Ekurhuleni: The Making of an Urban Region

Author(s) Bonner, Philip and Nieftagodien, Noor.
Publisher Wits University Press
Year 2012

The former East Rand – the extensive urban region lying to the east of Johannesburg – has played a pivotal role in South Africa’s economic, social and political development. Ekurhuleni: The Making of an Urban Region is a fascinating and well-researched book that narrates the dramatic history of the region. Over the last century or so the area grew rapidly to become the country’s leading mining territory. It then evolved into South Africa’s manufacturing heartland.

Decades of economic growth attracted a booming population, for which the region was ill-prepared, resulting in squalid living conditions and considerable hardship. Ongoing social dislocation was another feature of the region, as the apartheid government sought to impose a stark pattern of spatial segregation on different social groups, with black community enclaves on the margin. Ekurhuleni experienced more forced removals than any other part of the country.

The white minority consistently sought to exploit and control other sections of society, fuelling social division and outbreaks of violent conflict. These struggles sometimes went beyond race to cultural, ethnic and national distinctions. The book describes how differences emerged within and between communities, and between different parts of government, especially the local and national authorities. Apartheid was not a monolithic, undifferentiated and unchanging project. Although heavily ideological in character, there were also pragmatic features of its development.

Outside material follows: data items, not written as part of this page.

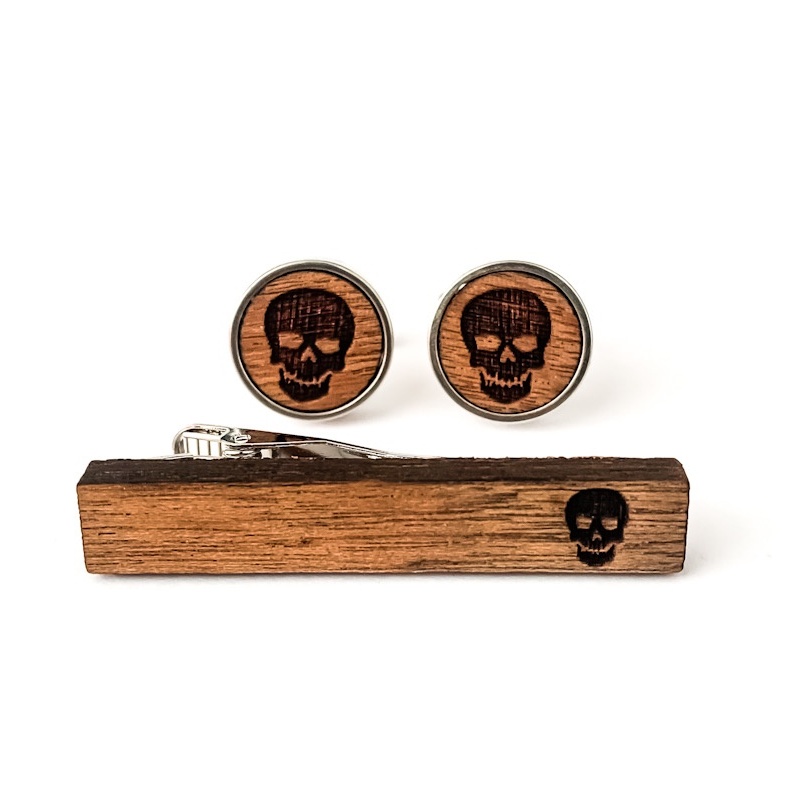 Dřevěný set - spona na kravatu a manžetové knoflíčky Wood Lebka
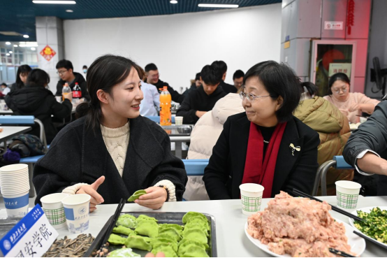 12月31日下午,学院80余名师生代表齐聚云天苑一楼餐厅,开启了迎新年包饺子活动,学校副校长张艳宁、学院党委书记张文涛、院长王震、副院长刘家佳、副书记杜瑶、教授代表毛伯敏以及学工干部来到学生中一同包饺子,共庆新岁。大家从包饺子的心得体会谈论到各自家乡饺子的不同特色,处处洋溢着欢乐祥和、温馨有爱的新年氛围。
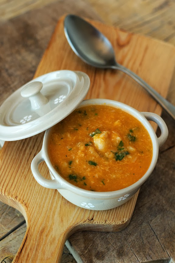 1. Cozer os rabos de pescada, depois de descongelados, em água temperada com sal. Depois de cozida, reservar o caldo de cozedura.

Moreover, subjugation and oppression usually provoked a counter-reaction, the strength and impact of which varied greatly over time. The most effective responses were achieved when community groups formed powerful alliances with trade unions and student organisations to oppose state injustices and to press for reforms. Political mobilisation in Ekurhuleni intensified during the 1970s and 1980s, and made a unique contribution to the ultimate collapse of apartheid and introduction of democracy.

Decades of brutal social engineering have left deep scars on the social and physical fabric of the region, including isolated townships and overcrowded informal settlements with appalling standards of living. The comprehensive reorganisation of local government in 2000 was intended to create the basis for spatial integration and resource redistribution by amalgamating the fragmented towns and transforming the decaying townships and destitute shack areas. However, this has proved to be more complicated than envisaged, so progress has been slow. The different towns of Ekurhuleni have a long tradition of competing with each other to attract investment and jobs, which inhibits cooperation.

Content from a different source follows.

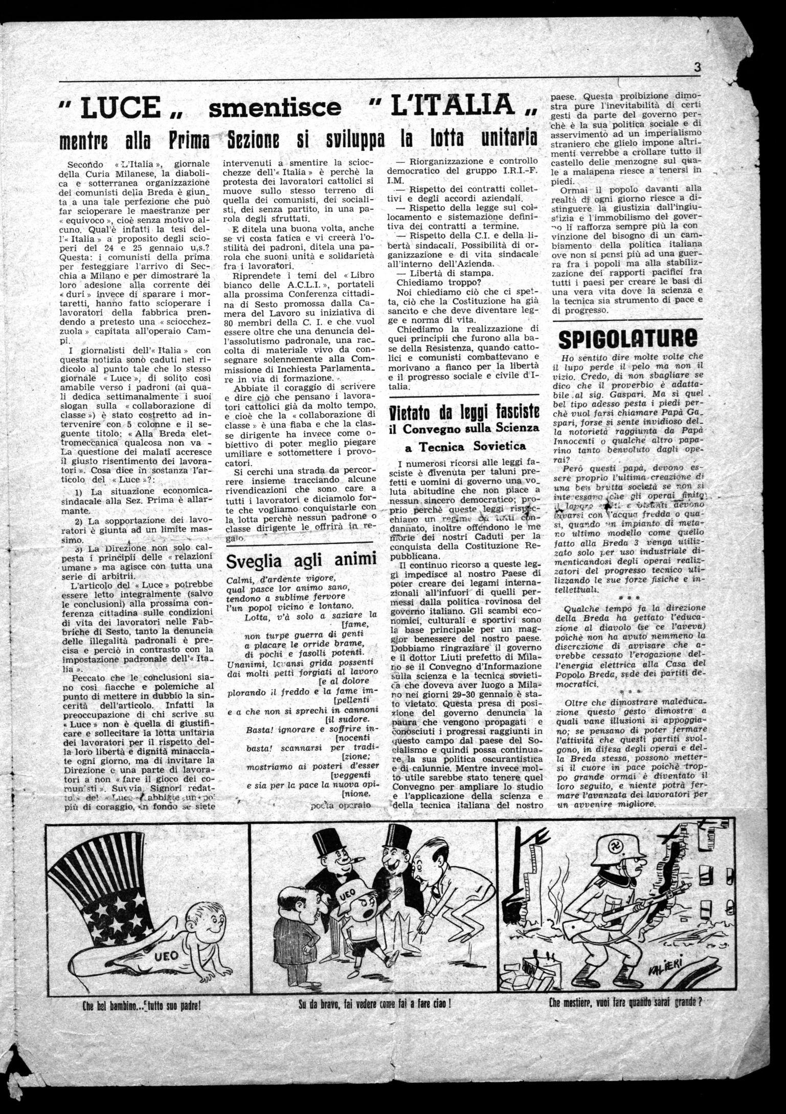 Secondo « L'Italia », giornale della Curia Milanese, la diabolica e sotterranea organizzazione dei comunisti della Breda è giun_ ta a una tale perfezione che può far scioperare le maestranze per « equivoco », cioè senza motivo alcuno. Qual'è infatti la tesi dell'« Italia » a proposito degli scioperi del 24 e 25 gennaio u,s.? Questa: i comunisti della prima per festeggiare l'arrivo di Secchia a Milano e per dimostrare la loro adesione alla corrente dei « duri » invece di sparare i mortaretti, hanno fatto scioperare i lavoratori della fabbrica prendendo a pretesto una « sciocchezzuola » capitata all'operaio Campi.

Ekurhuleni metropolitan municipality covers an enormous territory and it remains a rather artificial administrative entity. It includes many localities with parochial identities and extensive informal settlements requiring costly infrastructure investment. It is one of South Africa’s most difficult metropolitan areas to govern precisely because of its dispersed character and the absence of a common identity or functional coherence. This book draws on original interviews with key figures in the political struggle and skillfully pulls together the existing literature. It is a very useful contribution to understanding the tortured history of this region and the complicated legacy facing the current administration.

Two themes are addressed rather briefly in the final chapters, but not given the attention they really deserve. First, there is limited discussion of current government policies which are tending to perpetuate and reinforce, rather than to counter-act, the region’s fragmentation and segregation, particularly the RDP housing programme which has created new dormitory settlements on cheap peripheral land. Second, de-industrialisation is having a profound effect on the region’s economy and society and threatening the hard-fought political gains. It is undermining the fragile stability of local communities and jeopardising the fundamental viability of the metro.

Professor Ivan Turok is the acting Executive Director in the Economic Performance and Development Unit of the HSRC. He is Honorary Professor at the Universities of Cape Town and Glasgow, and has a PhD in Economics, MSc in Planning and BSc in Geography.